The defendant says she tried to leave but was grabbed by her husband – who said she couldn’t leave him. Then, the motion says, she demanded that he leave the property, enraging him further.
“Raising his right hand, with a closed fist, the decedent drove his knuckles, at the second joint, into the left side of Ms. Benefield’s head,” the motion reads. “Her worst fears realized, Ms. Benefield now believed her life was in danger.”
Four shots were fired. Two connected.
The state, however, hotly disputed that story.
“Based on the entry wounds on Douglas, it does not appear that he was facing Ashley when she began shooting,” a law enforcement affidavit alleges. “It also does not appear that Douglas had taken any kind of defensive or combative stance.”
At least one expert has already contradicted law enforcement.
During the motions hearing earlier this summer, Chief Medical Examiner of the 12th Circuit, Dr. Russell Vega, said Doug Benefield was most likely facing his wife when she shot him in the chest.
In the unsuccessful motion for dismissal, Ashley Benefield’s attorneys added evidence, documents, and photos to support their argument. Those included images of Doug Benefield that show his impressive physique and strength, along with the cut on the side of Ashley Benefield’s body she allegedly received from the moving box and a photo of Ashley Benefield with a black eye. The defense says the injury photos were taken on the day of the shooting.
The former model is filing an appeal of the court’s order with the Sunshine State’s Second District Court of Appeal, Law&Crime has learned. On Tuesday, at a hearing, the trial was stayed until Nov. 29. The jury trial was previously slated to begin on Oct. 16.

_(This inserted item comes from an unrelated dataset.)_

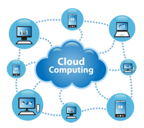
Fig.1. Cloud Computing

NIST - National institute of standard and technology describes the cloud computing as "a model for enabling ubiquitous, convenient, on-demand network access to shared pool of configurable computing resources (e.g. networks server, storage applications. And services) that can be rapidly provisioned and released with minimal management effort or service provider interaction" [1]. The cloud is being seen as important and vital in the IT industry as time goes on and will impact more on information technology for the society. Cloud infrastructure is mainly relay on deliverable service those are based on servers with different levels of virtualization technology.

“I have nothing but respect for Judge White,” Neil Taylor, Ashley Benefield’s defense attorney, told Law&Crime. “But we are going to appeal the decision and see what the Second DCA says.”
If the defendant’s appeal is unsuccessful, she can still use self-defense as an affirmative defense during a potential trial – a denial of a broad-based stand-your-ground motion for immunity does not preclude using self-defense as an argument during a trial.
Vanessa Bein and Alyssa Fisher contributed to this report.